Allah telah mengkhususkan pujian ini kepada kaum mukminin yang menghadiri baiat Sajarah dan tidak mencakup kaum munafiqin yang hadir seperti Abdullah bin Ubay dan Aus Ibn Qaydhi.[7]

Begitu pula dengan berdasarkan kepada al-Qur’an mazhab Ahlulbait menemukan di antara para sahabat terdapat orang-orang munafik yang dicaci oleh Allah dalam pelbagai ayat seperti dalam firman Allah Swt, “Di antara orang-orang Arab Badui di sekeliingmu itu, ada orang-orang munafiq, dan juga (di antara) penduduk Madinah. Mereka keterlaluan dalam kemunafikannya. Kamu (Muhammad) tidak mengetahui mereka, (tetapi) Kamilah yang mengetahui mereka. Nanti mereka akan Kami siksa dengan dua kali kemudian mereka akan dikembalikan kepada azab yang besar”.[8]

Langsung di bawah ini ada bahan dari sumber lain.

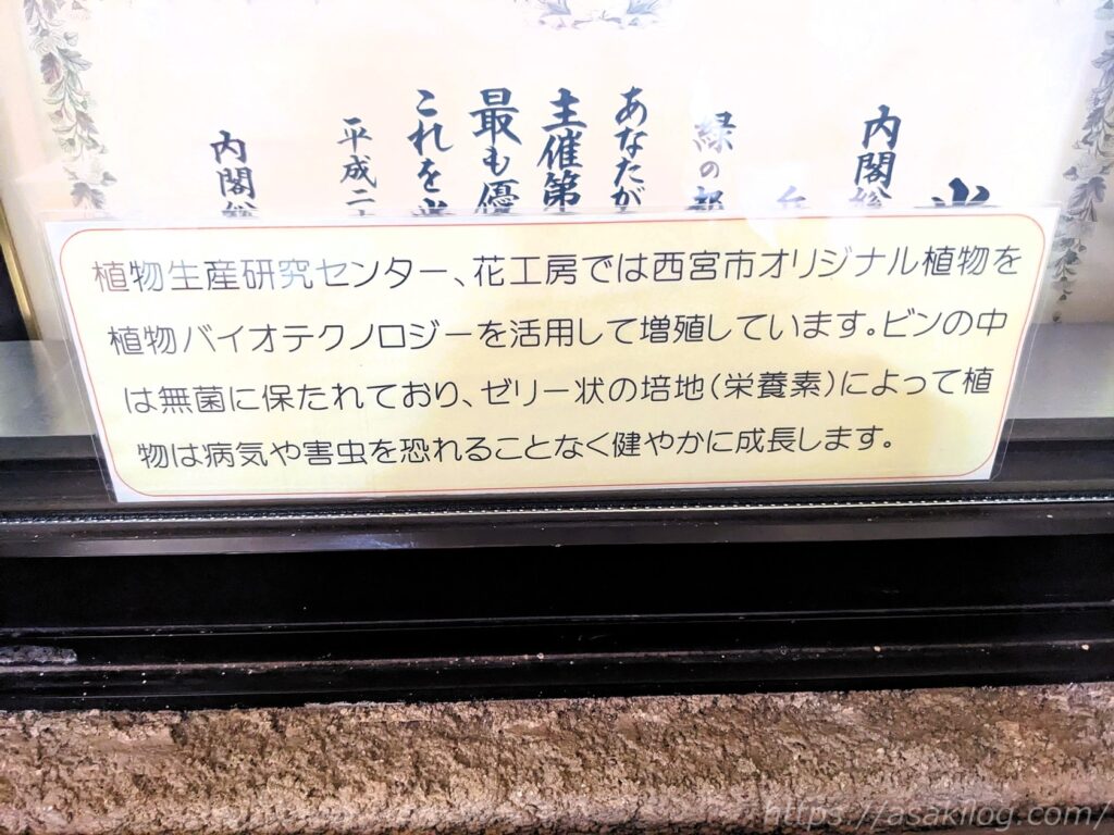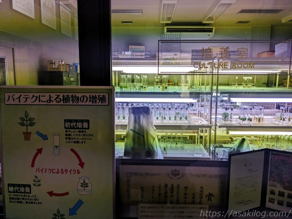 特色ある都市緑化を推進するため、最先端科学技術のバイオテクノロジーを活かし、植物の増殖・品種改良などを行い、市民の暮らしにつないでいくための植物の研究施設なんだそう。

Dan ada juga yang diwartakan oleh Allah Swt dengan kejadian al-Ifk, yaitu mereka memfitnah istri Rasulallah SAW dengan suatu kebohongan,[9]-kami berlindung kepada Allah dari tudingan seperti itu. Dan tentang mereka, Allah juga mewartakan dalam firman-Nya,Dan apabila mereka melihat perniagaan atau permainan, mereka bubar menuju kepadanya dan mereka tinggalkan kamu sedang berdiri (berkhotbah).[10]

Hal itu terjadi ketika Rasulallah SAW sedang berdiri memberikan khutbah Jum’at di mesjidnya. (Baca: Apa benar Syiah Mencaci Keluarga dan Sahabat Nabi saw ?)

Dan ada di antara mereka ada yang bermaksud dengan diam-diam membunuh (iqtiyal) Rasulallah SAW pada saat beliau melewati ‘Aqabah sekembalinya dari peperangan Tabuk[11] atau dari haji Wadha[12].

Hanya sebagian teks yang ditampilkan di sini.